How to Cook a Wild Turkey!

Wild Turkey Cooking is Different!

Wild Turkey Cooking is Different!

Question: I roasted a wild turkey with the recipe we use for a regular turkey. It was so tough that we couldn’t eat it. What happened?

Answer: Domesticated turkeys are different from those in the wild, as you found out.

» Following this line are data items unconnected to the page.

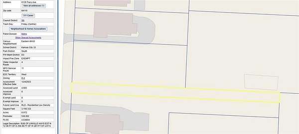 Two adjoining vacant lots offered together at 6127 & 6129 Tracy Ave, Kansas City, MO. Combined size approx. 10,600 sq ft (0.24 acres). Zoned R-6 Residential, allowing single-family construction (meets minimum lot size). Lots are level, cleared, partially fenced, with utilities available at street (buyer to verify). Great central location near UMKC, Rockhurst, Troost Corridor, and Hwy 71. Quick drive to Downtown, Plaza, and Brookside. Ideal for builder, investor, or custom home site. Rare chance to secure a double lot in an up-and-coming neighborhood. The lots at 6127 Tracy Ave and 6129 Tracy Ave, Kansas City, MO 64110, will be sold together as a package. Please refer to MLS # 2575726.
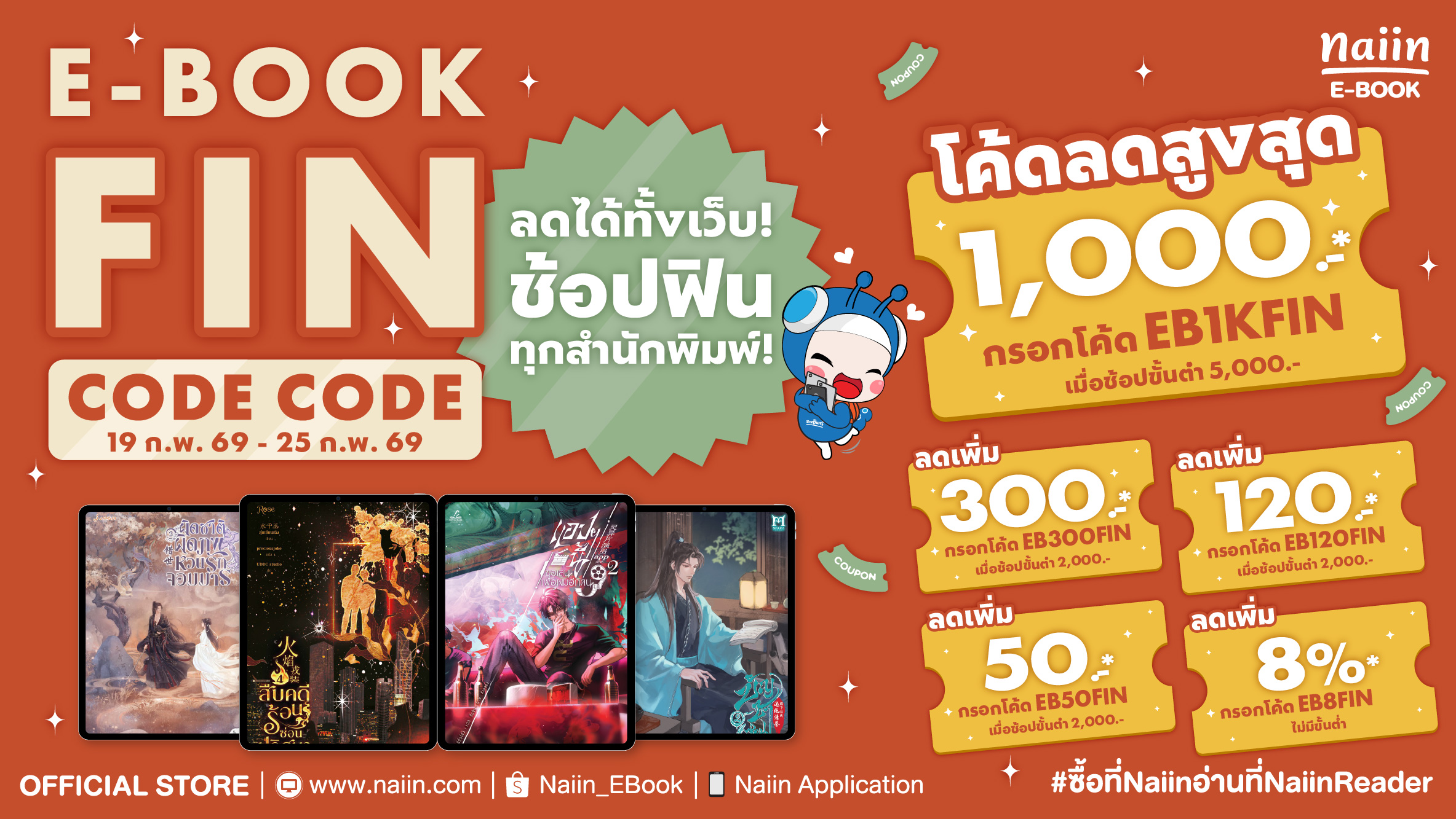 6. ผู้ใช้ระบบ iOS สามารถใช้ส่วนลด E-Book ได้ที่เว็บไซต์ naiin.com เท่านั้น!
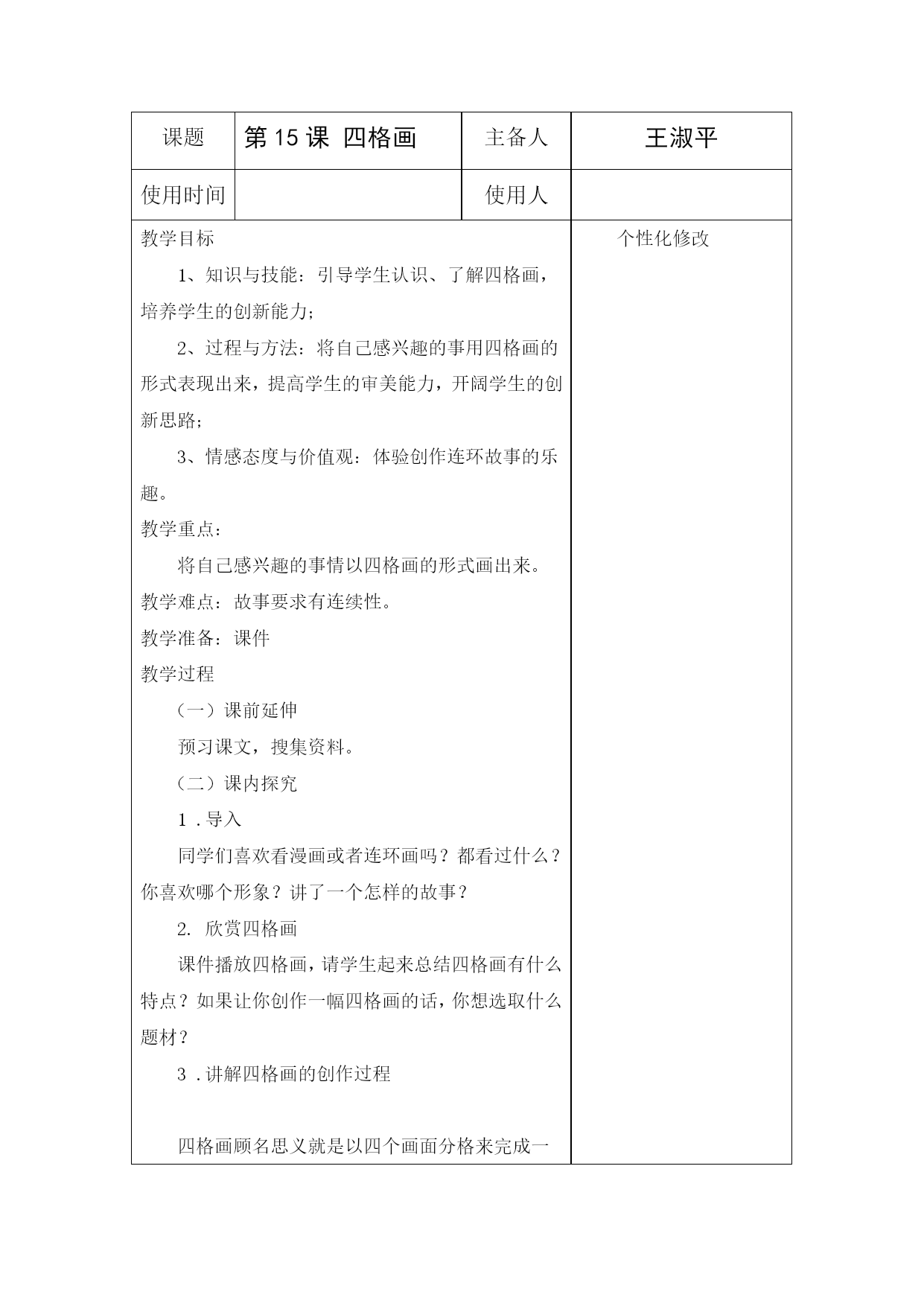 课题第15课四格画主备人王淑平使用时间使用人教学目标1、知识与技能:引导学生认识、了解四格画,培养学生的创新能力;2、过程与方法:将自己感兴趣的事用四格画的形式表现出来,提高学生的审美能力,开阔学生的创新思路;3、情感态度与价值观:体验创作连环故事的乐趣。教学重点:将自己感兴趣的事情以四格画的形式画出来。教学难点:故事要求有连续性。教学准备:课件教学过程(一)课前延伸预习课文,搜集资料。(二)课内探究1.导入同学们喜欢看漫画或者连环画吗?都看过什么?你喜欢哪个形象?讲了一个怎样的故事?2.欣赏四格画课件播

Wild turkeys are muscular and very lean.

Since they lack a ‘fat layer’ — wild turkeys must be regularly basted with butter, margarine, salad oil or a cooking additive – such as broth or wine.

Another way to keep the wine/broth/oil/butter/margarine next to the lean meat of the wild turkey is to wrap the bird in damp cheesecloth — and then add the broth/oil/butter/whatever to the cheesecloth.

The whole point of the cheesecloth is to keep moisture in constant contact with the dry, lean meat of the turkey during cooking.

Although you cook the turkey at the same temperature (325 degrees, F), it is important to reduce the cooking time by 20%. Don’t overcook!

Your wild turkey is ready when you pierce the meat (between the breast and the thigh) with a fork and the juices run clear.

Another way to ensure a great meal is to roast the turkey breast separately, because it cooks much faster than the legs and thighs!

Allow the turkey to rest for 15-25 minutes, after removing from the oven.